A TINY Scottish island inhabited only by puffins and seals since its lighthouse keeper departed proved one of the remotest locations yet for an intrepid local company.

Colleagues from LARS International in Carnforth headed to northernmost Scotland to decommission a weather station for an unnamed client on the isolated rocky outcrop of Sule Skerry - a haven for wildlife 35 miles from Orkney's main island.

Challenging logistics meant their mission took a month to plan, and was meticulously timed to avoid the seabird breeding season as well as seal pups nesting on rocks.

The three-tonne weather station's metal tower and cabin had to be dismantled and airlifted by helicopter back to Orkney in pieces, in as few trips as possible, over two-and-a-half days. The crew were then flown back to the mainland - all with minimal disruption to the island's wildlife.

"We were advised the breeding season for puffins extends from early April to late August; from mid-March to late September for gannets; and from early February to mid-September for shags," said Julian Cooper, business development manager at LARS, which specialises in installing and building radio sites and antenna systems.

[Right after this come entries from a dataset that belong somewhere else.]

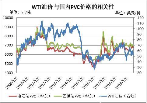國內(nèi)PVC的生產(chǎn)工藝主要有兩種。一是電石法,主要生產(chǎn)原料是電石、煤炭和原鹽;二是乙烯法,主要原料是石油。國際市場上PVC的生產(chǎn)以乙烯法為主,而國內(nèi)受富煤、貧油、少氣的資源稟賦限制,則以電石法為主。截至2018年底,國內(nèi)PVC產(chǎn)能為2404萬噸,其中電石法PVC產(chǎn)能為1962萬噸,乙烯法PVC產(chǎn)能為442萬噸,電石法產(chǎn)能和乙烯法產(chǎn)能的占比分別為81.6%和18.4%。由于電石法PVC占據(jù)主導地位,原油價格的變化對國內(nèi)PVC影響較小。統(tǒng)計顯示,2009年1月至2019年11月,華東市場電石法PVC和乙烯法PVC與WTI油價的相關(guān)系數(shù)分別為0.42和0.51,相關(guān)性并不高。
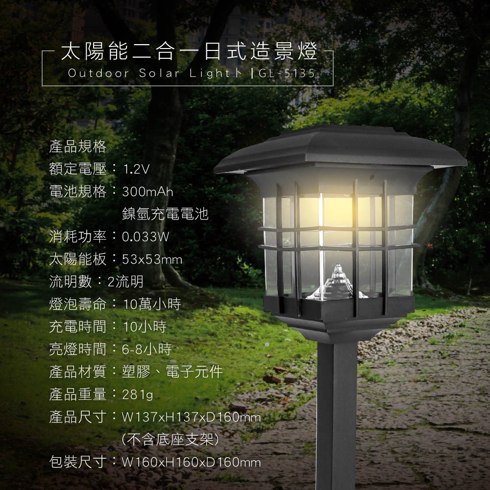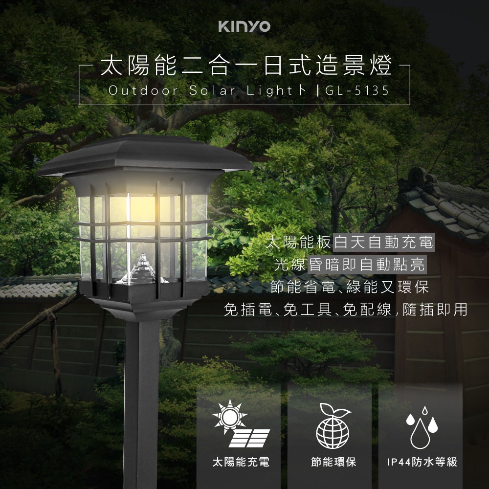 〖KINYO〗 太陽能二合一日式造景燈 (GL) 太陽能 IP44防水 燈泡10萬小時壽命 |戶外 庭園燈GL5135 日式造景燈KINYO官方旗艦店_家電館
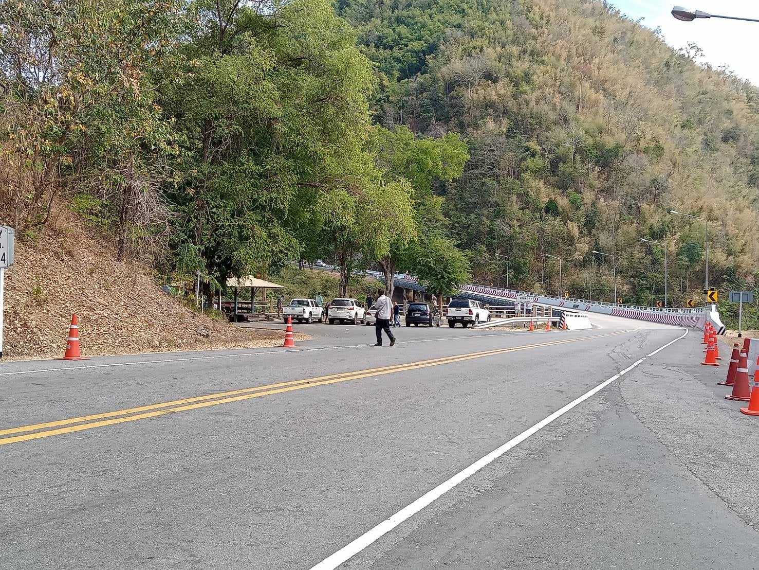 อำนวยความสะดวก สำหรับประชาชนผู้ใช้เส้นทาง ณ จุดให้บริการทั่วไทย (บริเวณสะพานพ่อขุนผาเมือง(ห้วยตอง)) ทางหลวงหมายเลข 12 ตอน แยกอาเซียน – น้ำดุก ที่ กม.374+366 (ด้านขวาทาง)
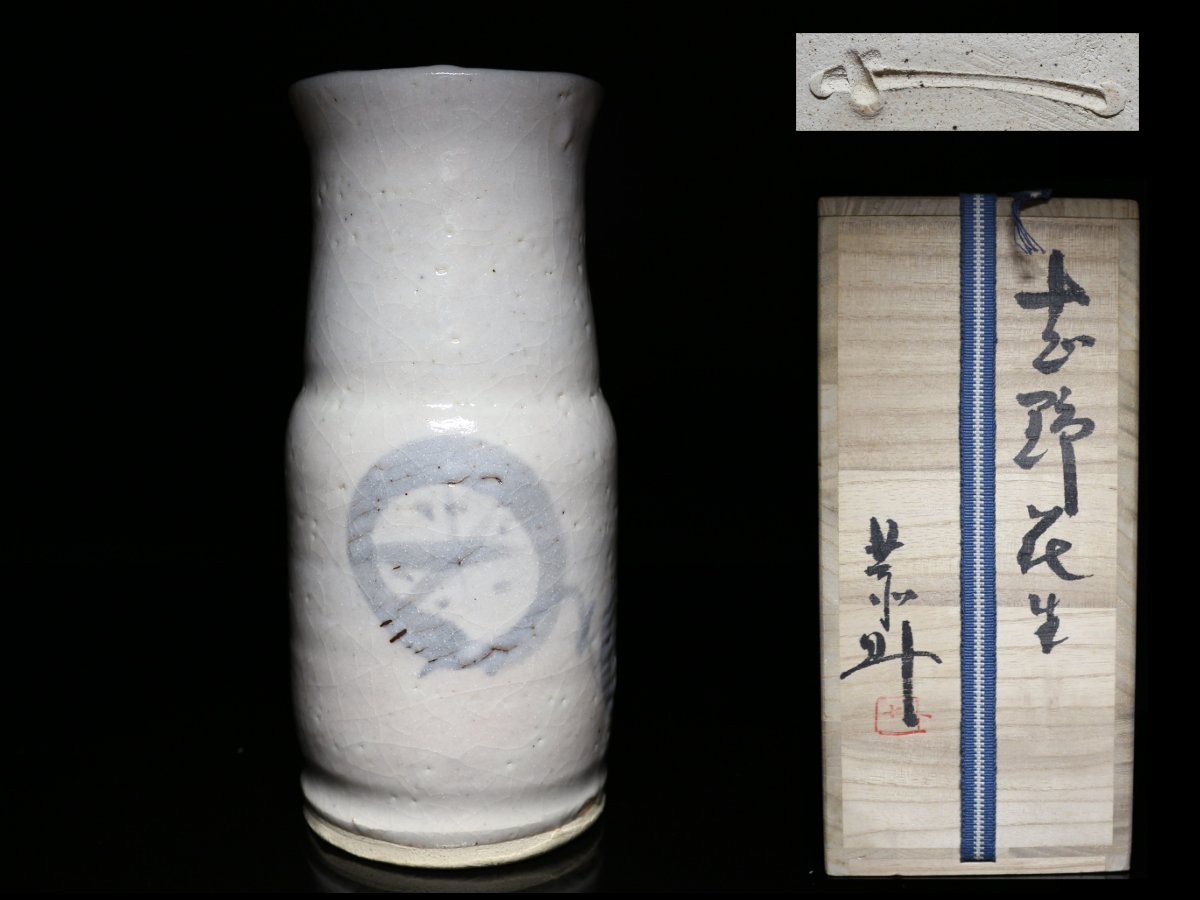- ■本物保証■備前 志野 花生 藤原恭助 共箱 栞 美品・f028
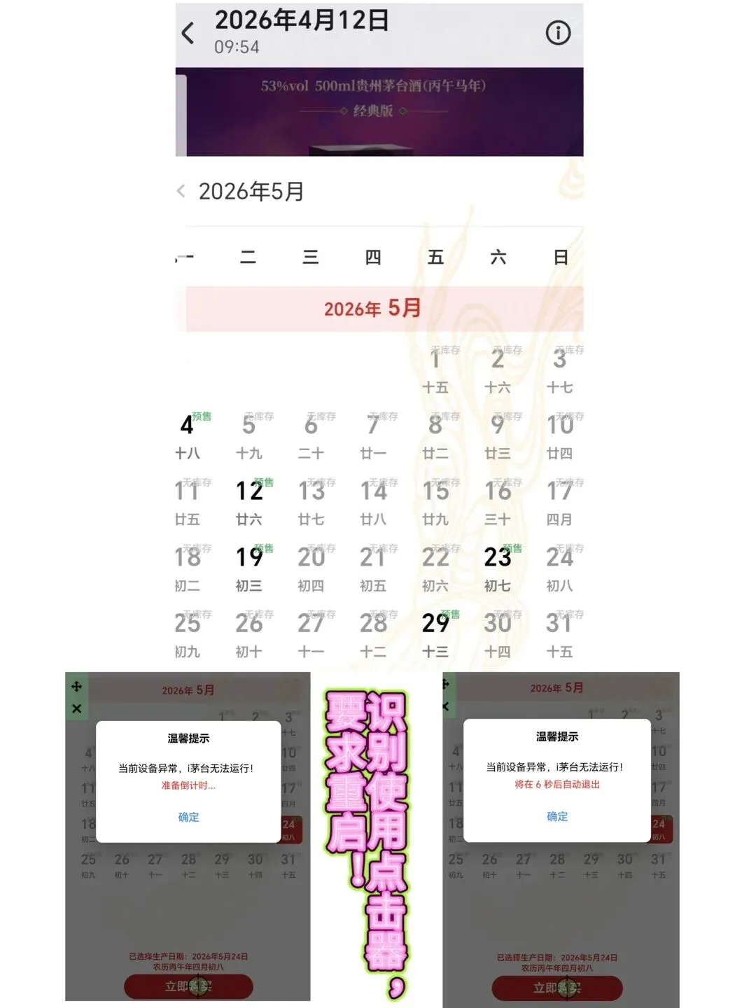 买茅台攻略--之二 i茅台APP抢购茅台实战笔记:这些新变化你必须知道!今天在i茅台App上抢购茅台,发现平台的风控机制又升级了!结合多位茅粉的反馈,给大家梳理一下最新的变化情况,以及实用的应对建议。一、放货节奏:少量多次,一抢就"秒空"今天观察到一个明显的放货规律:一直少量放货,一抢就售罄,但大约两分钟左右又会再次放货。如图上10点32分、10点59分显示都还能抢(笔者因为当天已经买到过,提示限购,并且很快显示“已售罄”),这说明平台采用的是分批少量放货策略,而不是一次性放出全部库存。实战提示: 第一次没抢到不要急着退出,多刷1-2分钟,可能还有第二轮甚至第三轮机会!二、自动点击器被精准识别!手动操作反而更安全这是今天最重要的发现:"被自动识别的!我试了手动点击,就不会强制重启APP。"平台的风控系统已经能够精准识别自动化点击行为,一旦检测到异常操作,App会被强制重启,之前准备的预约信息全部白费。实战建议: - ❌ 不要再使用任何自动点击器/脚本 - ✅ 纯手动点击操作目前相对安全 - ⚠️ 如果被检测到,轻则重启App,重则账号受限三、预约抢购"马茅":点击器秒被识别的真实案例针对近期热门的马年生肖茅台预约,有茅粉反馈:"预约抢马茅,点击器很快就被识别,自动重启。"这意味着生肖茅台这类热门产品,风控更为严格,平台几乎会在第一时间检测并阻断自动化操作。应对策略: 1. 放弃点击器,回归纯手动 2. 提前准备好预约信息,减少点击步骤 3. 网络保持稳定,提前5秒进入预约页面 4. 遇到系统提示立即停止操作,不要反复尝试四、总结:平台风控趋势分析风险等级建议 变化 风险等级建议⭐ 利好多刷几分钟,不要过早放弃⭐⭐⭐ 高危**立即停用**⭐⭐⭐ 高危手动操作替代自动化⭐⭐⭐ 高危全程手动,保持耐心 变化 少量多次放货 自动点击器被识别 App强制重启 马茅预约风控升级五、给茅粉的话i茅台的风控系统正在持续进化,靠"黑科技"抢茅的时代可能已经过去了。回归拼手速、拼网络的本源,或许才是当下最稳妥的策略。祝大家都能顺利抢到心仪的茅台!🍶往期回顾: - [买茅台攻略--之一(持续更新)]免责声明: 本文仅供参考,不构成投资建议。茅台有风险,入手需谨慎。 免责声明:本文仅供参考,不构成投资建议。茅台有风险,入手需谨慎。 作者:吾家软语 · 2026年4月13日
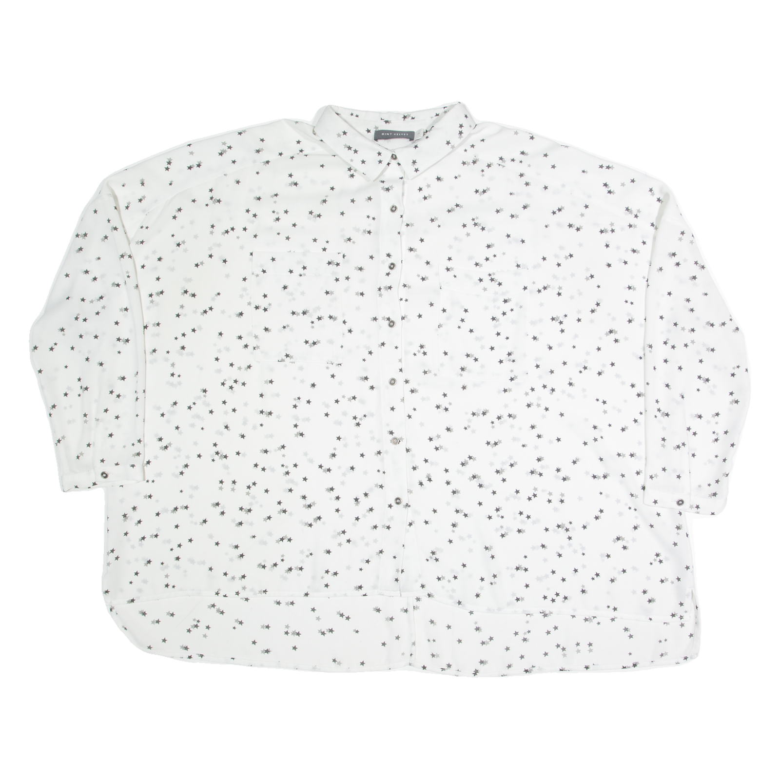 MINT VELVET Oversized Womens Shirt White Crazy Pattern 3/4 Sleeve M
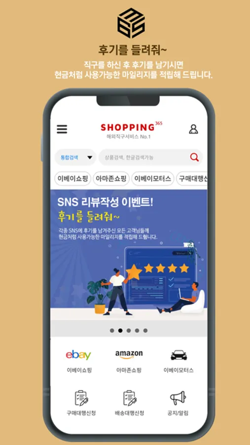 쇼핑365는 저렴한 수수료와 다양한 상품, 빠른 배송 서비스로 고객님의 해외 쇼핑에 든든한 길잡이가 되어 드리겠습니다.
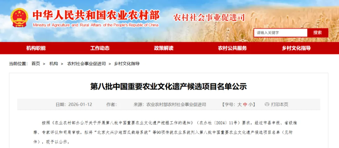 1月12日,农业农村部网站公示第八批中国重要农业文化遗产候选项目名单。经过市县申报、省级推荐、专家评议和司局审核,拟将90项传统农业系统列入第八批中国重要农业文化遗产候选项目名单。其中,黑龙江2项传统农业系统入选。

"When taken together, these breeding seasons mean consent is not normally given for helicopter access between February 1 and September 30.

“We were also advised the grassy, peat areas of Sule Skerry are covered in puffin burrows, so visitors are recommended to avoid walking on these areas where possible. What’s more, there are often seal pups on the island any time between November and March and they like the rocky area behind the mast.”

Once the seal pups had left the rocks, LARS was eventually given access to the 16-hectare island, a Site of Special Scientific Interest.

Seizing "a small window of opportunity", helicopter firm PDG Aviation Services was hired to ferry two LARS colleagues back and forth to the island, complete with sandwiches, an emergency five-day survival kit, satellite phone and compact portable loo. A third team member stayed on the mainland.

Mr Cooper said: "When our customer's opening gambit was, I thought I'd get in touch because you're a can-do company, you know the request is not going to be that straightforward.

"On paper it seemed simple enough. Decommission the tower and cabin which were on the island and bring them back to the mainland to be disposed of. But that's where straightforward stopped and challenging began.

"For instance, there's no skip on Sule Skerry, and certainly nowhere you can safely dispose of any large metal objects. And of course there was the wildlife issue of which we needed to be very mindful."

LARS projects manager Nick Churchill said: "This was a true test of sensitivity, logistics and collaboration and couldn't have been successfully carried out without the assistance of local residents and businesses.

"It was a project LARS were thrilled to be a part of. Well done to all those involved - we’re looking forward to the next email which references our can-do attitude."